Exercise: The listing below must be repeated word for word, without its pictures.

Collected data:
▼

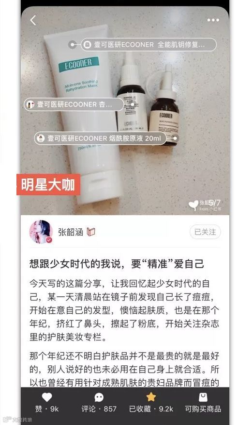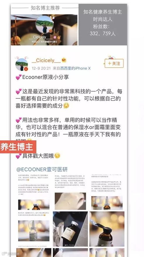 ① 「壹可医研」的客群大部分是一二线城市 20~30 岁年轻女性,她们偏好日韩药妆等专业护肤产品,更倾向于在购买前通过网上推荐的方式,详细了解产品成分、功效、口碑。运营团队通过分析这些特征,在微博、小红书、公众号上寻找适合投放的 KOL,比如产后孕妈、当地美妆博主等;
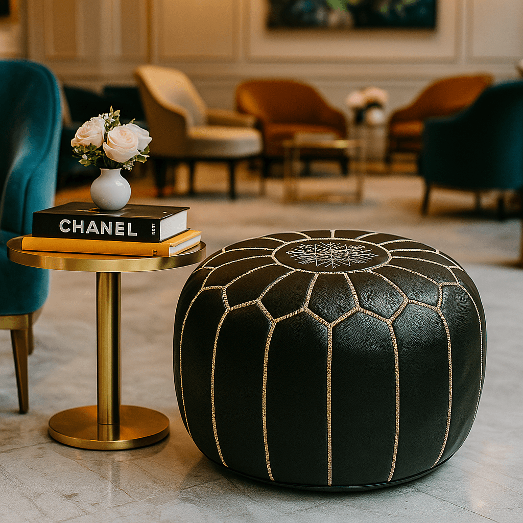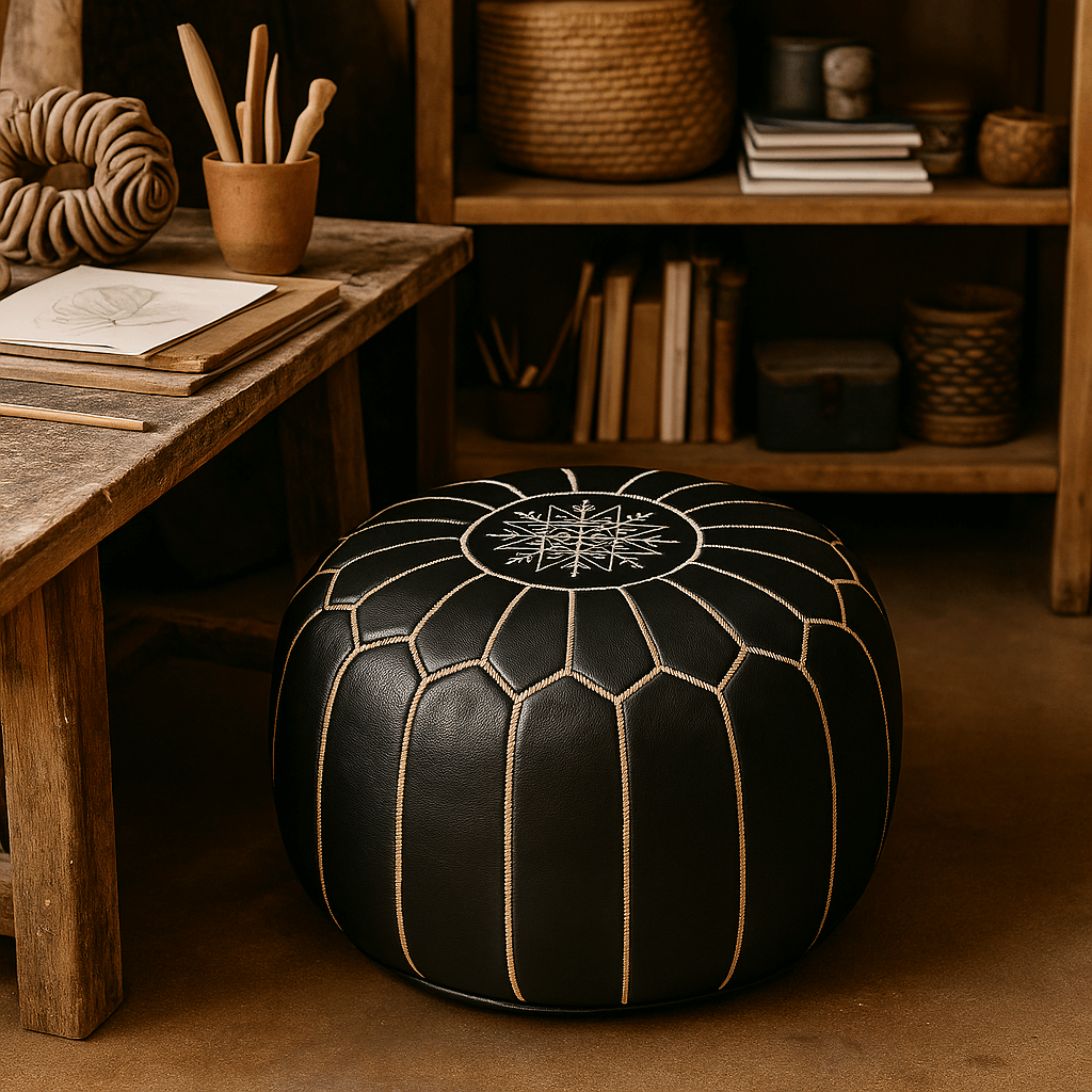 This black leather floor ottoman is available for bulk orders and is ideal for boutique hotels, yoga studios, wellness centers, and designer residential projects. Our wholesale program offers consistent quality, authentic artisan sourcing, and trade pricing for design professionals. Whether you’re furnishing a bohemian boutique hotel or creating flexible floor seating for a meditation studio, our handcrafted pouf collection delivers the authentic style your clients desire. Contact our wholesale team for volume pricing and project consultation.
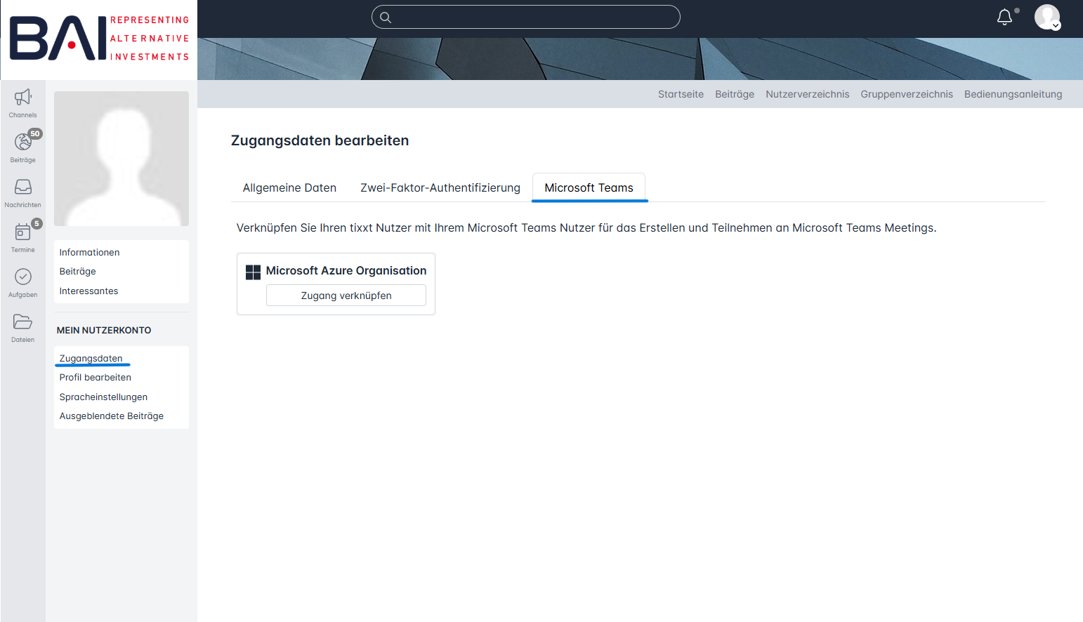 Gehen Sie dazu einfach auf Ihr Profilbild und dann auf Zugangsdaten. Dort finden Sie nun auch noch den Reiter Microsoft Teams und können die Konten miteinander verknüpfen.

▲

Solution below:
 ① 「壹可医研」的客群大部分是一二线城市 20~30 岁年轻女性,她们偏好日韩药妆等专业护肤产品,更倾向于在购买前通过网上推荐的方式,详细了解产品成分、功效、口碑。运营团队通过分析这些特征,在微博、小红书、公众号上寻找适合投放的 KOL,比如产后孕妈、当地美妆博主等;
 This black leather floor ottoman is available for bulk orders and is ideal for boutique hotels, yoga studios, wellness centers, and designer residential projects. Our wholesale program offers consistent quality, authentic artisan sourcing, and trade pricing for design professionals. Whether you’re furnishing a bohemian boutique hotel or creating flexible floor seating for a meditation studio, our handcrafted pouf collection delivers the authentic style your clients desire. Contact our wholesale team for volume pricing and project consultation.
 Gehen Sie dazu einfach auf Ihr Profilbild und dann auf Zugangsdaten. Dort finden Sie nun auch noch den Reiter Microsoft Teams und können die Konten miteinander verknüpfen.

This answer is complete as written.